Task to carry out -
Starting at the top of the entries below, write out each line up to and including the one containing "Walking downhill through". Leave the pictures out.

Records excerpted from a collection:

########################################

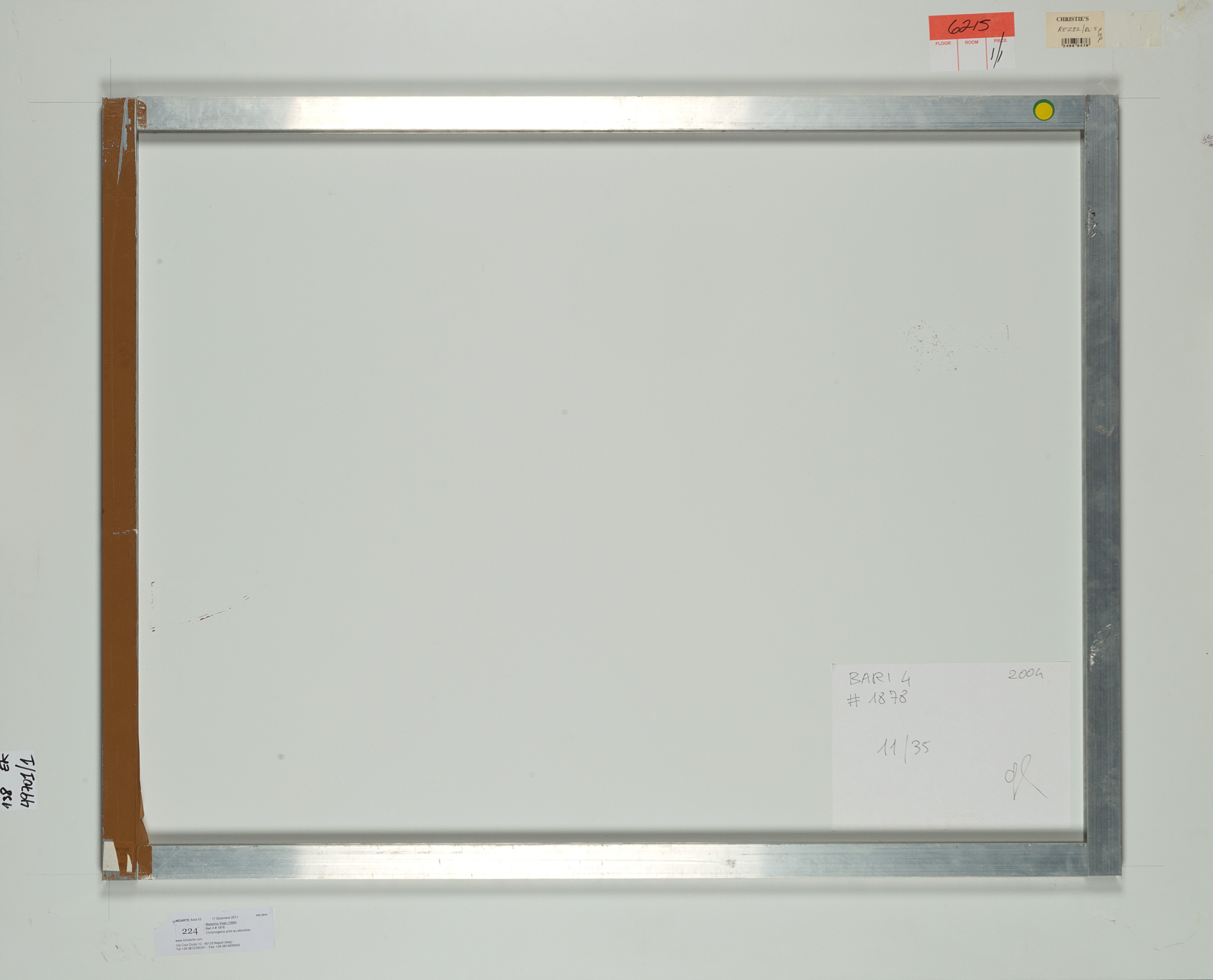 Etichetta titolata, datata, numerata e siglata a penna nera al verso
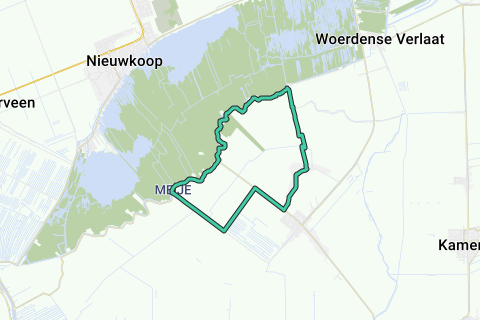 From the village of Meije along the Meije River, the starting point is from the parking lot by the village school behind the café De Halve Maan next to the church. We then go over the Hazekade via the Dwarsweg to the Middenweg through the polder landscape to enjoy the many birds that stay here. Halfway along the Randweg with its beautiful farms, the route goes over the Kievitspad through the marshy grassland. The frog choir certainly welcomes you, and you can enjoy the vast and magnificent landscape here. The end of the path is the Oude Meije in the nature reserve 'de Waaier,' which takes you to the "Werkschuur de Kievit" of Natuurmonumenten. Now you continue along the road, the Meije, until you reach "de Halve Maan" next to the village church where the parking lot by the school is located, which is the starting point.
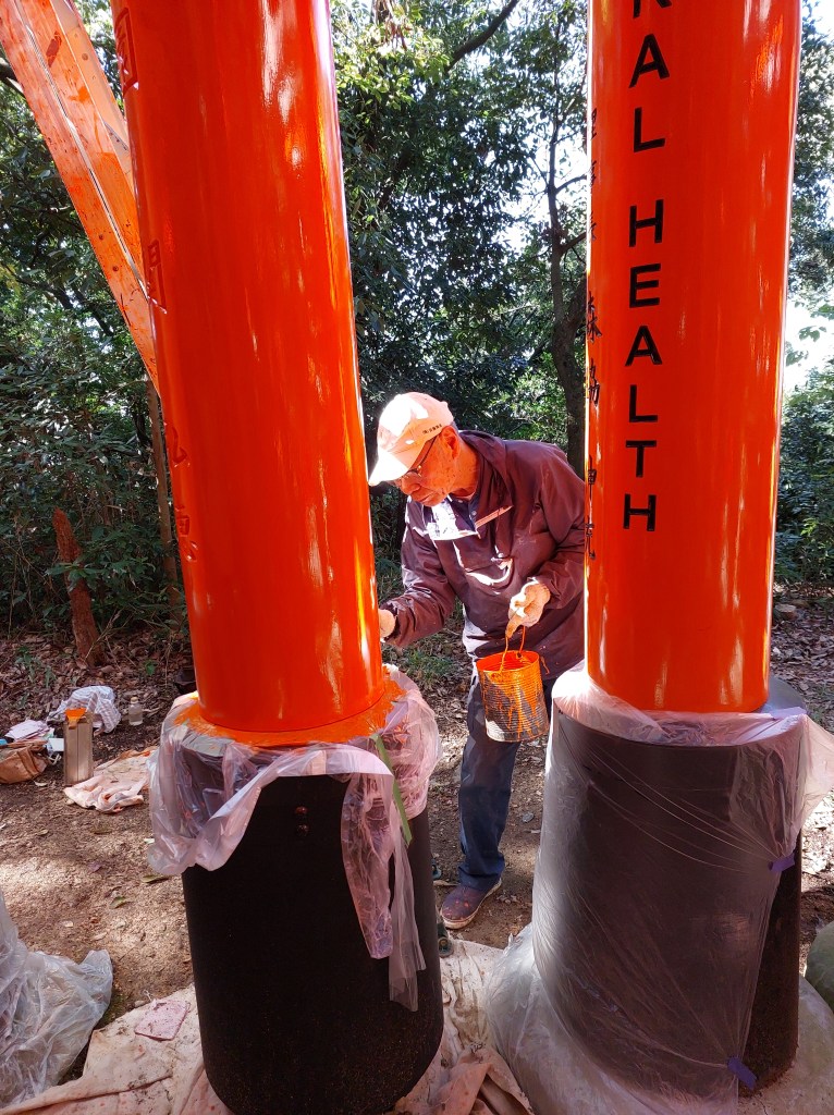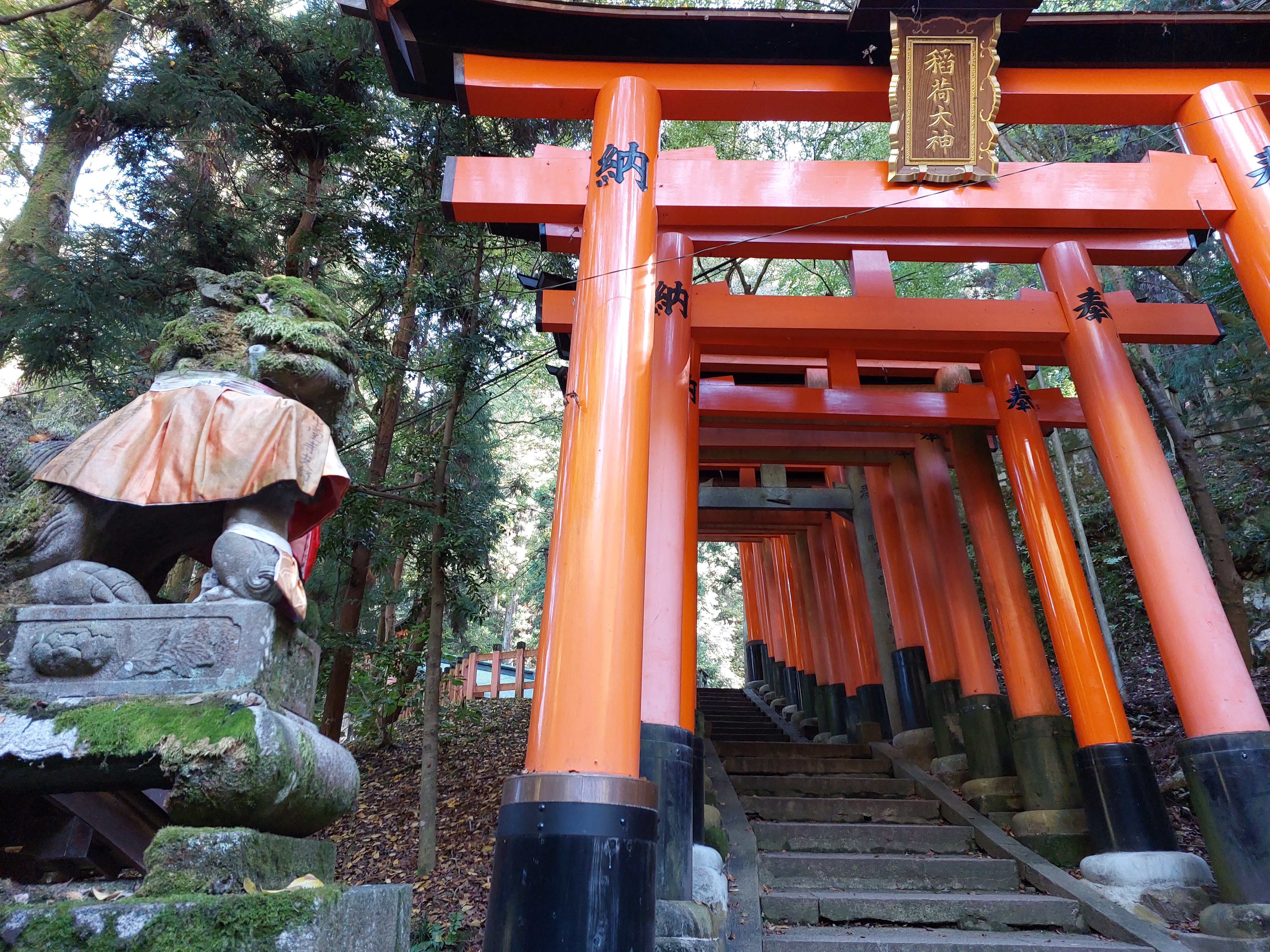 Walking downhill through them felt different from starting at the base. Each gate framed the path like a portal. The repetition of color and shadow created a rhythm, almost like walking through time itself.
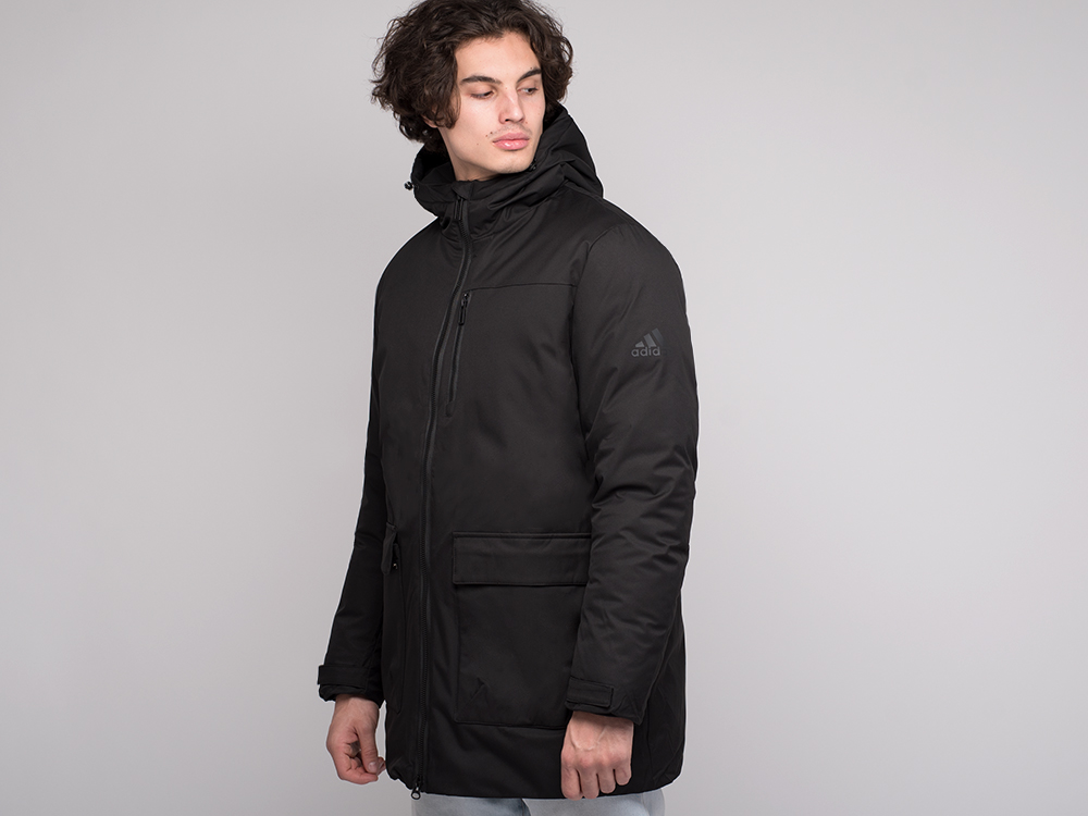 Стильная мужская куртка Adidas черного цвета удлиненного фасона пошита из полиэстера с подкладкой на синтепоне. Модель с застежкой на молнии имеет несъемный капюшон без опушки, два накладных кармана и один врезной нагрудный на молнии. Ворот-стойка, капюшон и застежка на молнии помогут сохранить тепло на каждый день. Декором изделия служат увеличенная форма накладных боковых карманов, шлицы на рукавах, молния нагрудного кармана, шнуровка капюшона и нарукавный карман. Изделие без логотипов и контрастных элементов стильно смотрится и подойдет на каждый день.
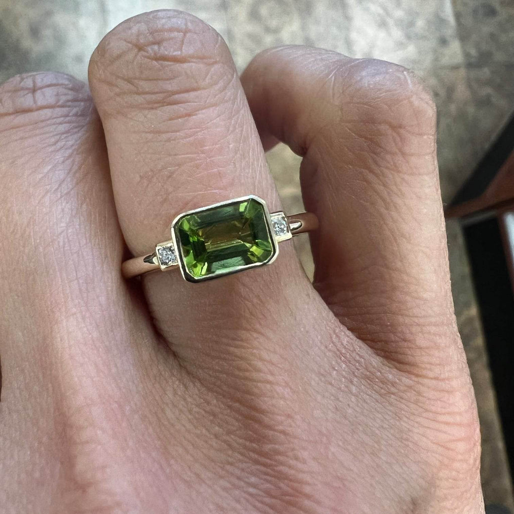 We believe that jewelry should elevate your outfit and mood, and this peridot minimal ring will do just that. It features a vibrant rectangular green peridot framed with two tiny diamonds that are faceted to catch the light from all angles and has a polished 14-karat gold band. Stack it with other vibrant pieces to channel the more-is-more vibe.

########################################

Expected output -
 Etichetta titolata, datata, numerata e siglata a penna nera al verso
 From the village of Meije along the Meije River, the starting point is from the parking lot by the village school behind the café De Halve Maan next to the church. We then go over the Hazekade via the Dwarsweg to the Middenweg through the polder landscape to enjoy the many birds that stay here. Halfway along the Randweg with its beautiful farms, the route goes over the Kievitspad through the marshy grassland. The frog choir certainly welcomes you, and you can enjoy the vast and magnificent landscape here. The end of the path is the Oude Meije in the nature reserve 'de Waaier,' which takes you to the "Werkschuur de Kievit" of Natuurmonumenten. Now you continue along the road, the Meije, until you reach "de Halve Maan" next to the village church where the parking lot by the school is located, which is the starting point.
 Walking downhill through them felt different from starting at the base. Each gate framed the path like a portal. The repetition of color and shadow created a rhythm, almost like walking through time itself.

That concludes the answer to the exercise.